Roundabout the end of May 1991, I was in my house in Rio Vermelho, Bahia, when I got a phone call from Rome. The director of a public relations outfit was filling me in on a project and making me a proposition.

An important Italian official had decided to commemorate the fifth centennial of the discovery of America with the publication of a book consisting of three stories by authors from the American continent: one in English by the American Norman Mailer, one in Spanish by the Mexican Carlos Fuentes, and one in Portuguese by me. The project called for the book to be published in four languages: Italian, English, Spanish, and Portuguese, three hundred thousand copies of which would be given out free to all passengers on flights between Italy and the three Americas on the various airlines between April and September 1992, the year of the fifth centennial.

The agency would acquire the rights for the texts of the three writers for a period of three years in the four languages. They asked me whether or not I might have some piece of a story tucked away somewhere of the anticipated length (they told me the number of bytes or such, and as I understand nothing about computers, I translated them into typewritten pages, seventy or so) and if I didn’t have one whether I would consider writing one. They proposed a set amount in payment of author’s rights. It seemed a bit low to me, so I hesitated and we agreed to discuss the matter further in July in Paris, where I would be traveling a month from then.

The idea was starting to grab me, so I gave it some thought. I remembered that when I was putting
Showdown
together I’d begun to think about an adventure (or misadventure) for the Arab Fadul, but I hadn’t gotten around to writing it down. I didn’t think it was needed for the structure of the novel. It was an amusing idea. I thought about it again and about bringing it to fruition.

I waited in Paris but the Italians never appeared, and I said to Zélia: “The mafiosi have disappeared. So much the better; now I can keep on working in peace on
Home Is the Sailor
.” I’d begun writing
Sailor
in Bahia. It so happened, however, that those guys contacted me again, came to Paris, accepted my price, and we signed a contract. I postponed writing the anti-memoirs and invented the novella you are about to read. In November of that year in Rome I turned in the manuscript, got my check, and began squandering the pittance.

At the same time I began selling the story in languages that had not been included in my contract with the agency. I signed agreements for translations into French, German, Russian, and Turkish. In September 1992 the French edition came out (Editions Stock) in a magnificent translation by Jean Orecchioni. The little book about the Turks was well received by the French critics and sold—and is still selling—quite well. It will appear in a pocket edition beginning next year. I must add that the Turkish edition, published early in 1993, is beautiful. As for the translation: I consider it perfect. Perfect translations are those in languages the author can’t read.

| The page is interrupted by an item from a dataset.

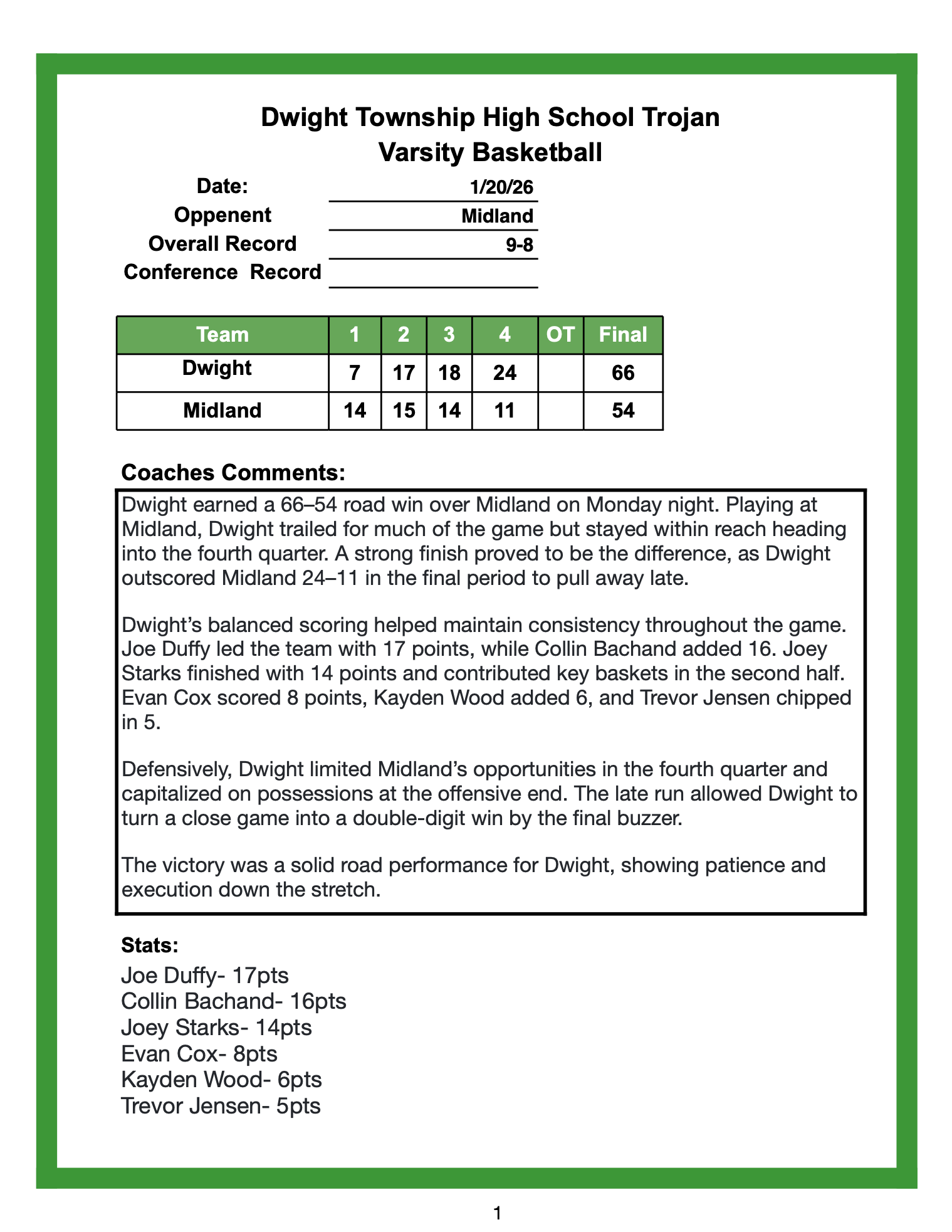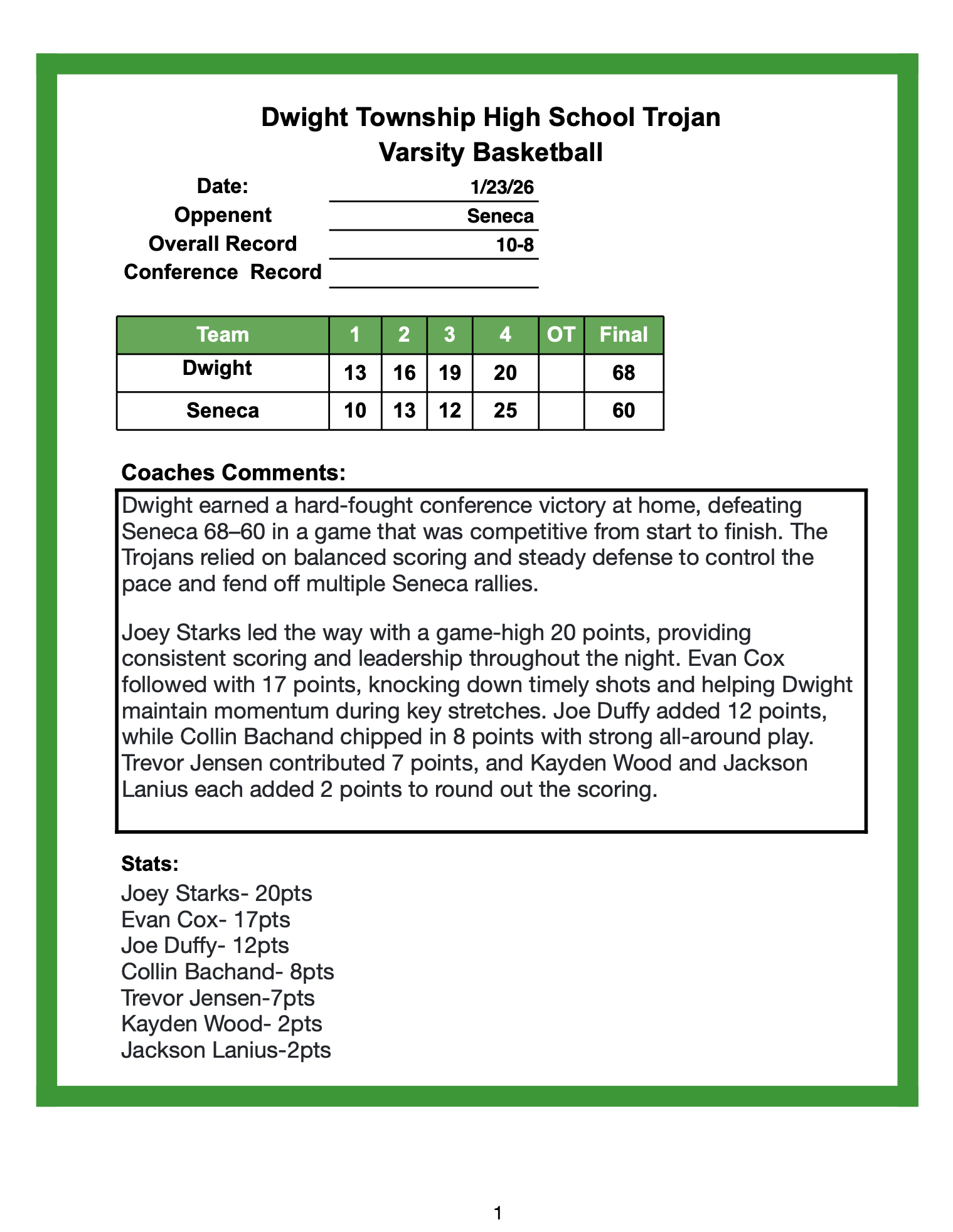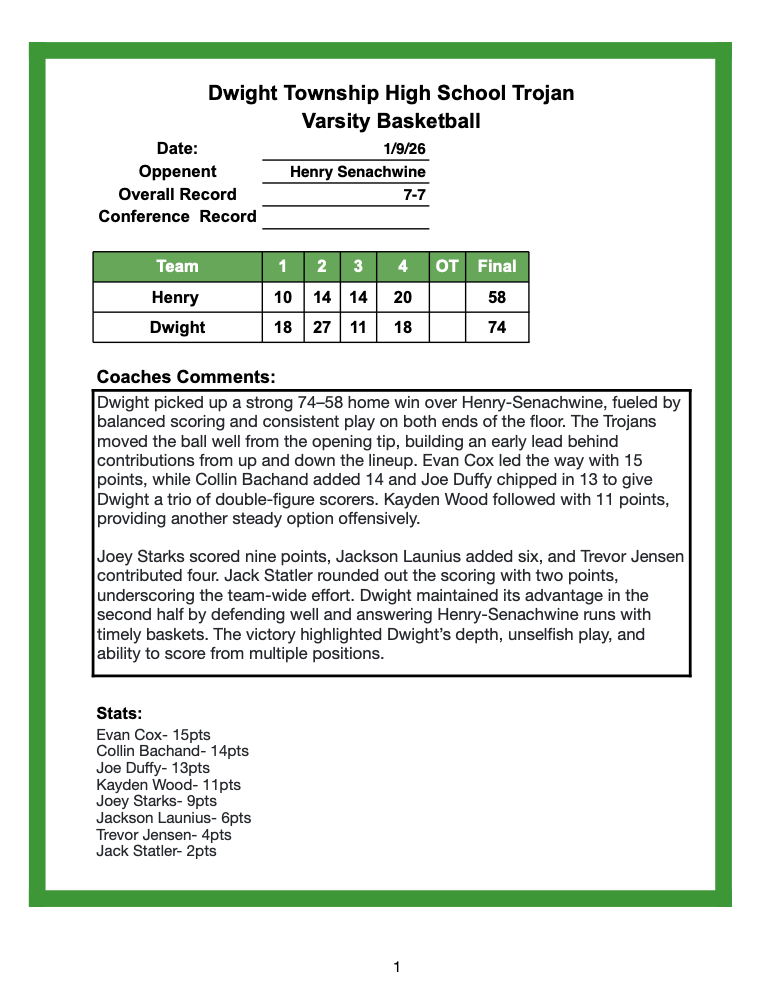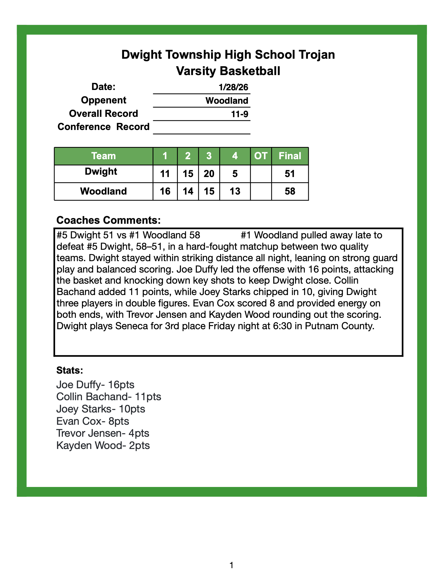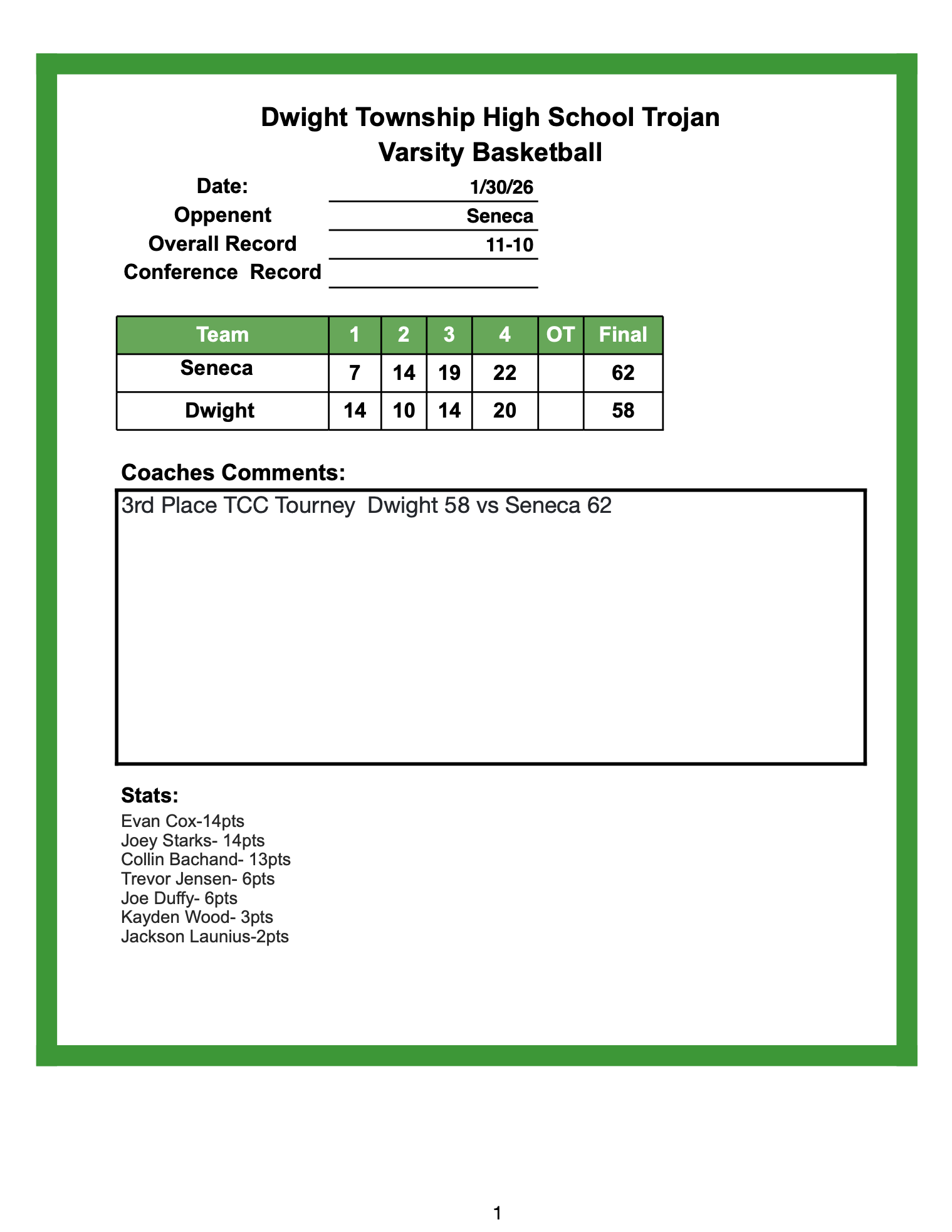 3rd Place TCC Tourney Dwight 58 vs Seneca 62

The editions of the three stories in Italian, Portuguese, English, and Spanish in one volume should have been published in April 1992, but they weren’t. They didn’t become part of the commemorations of the fifth centennial, which had evidently degenerated, as anticipated, into a harsh and basic polemic: Epic or genocide? Discovery or conquest? Time passed, and I received no further news from the agency.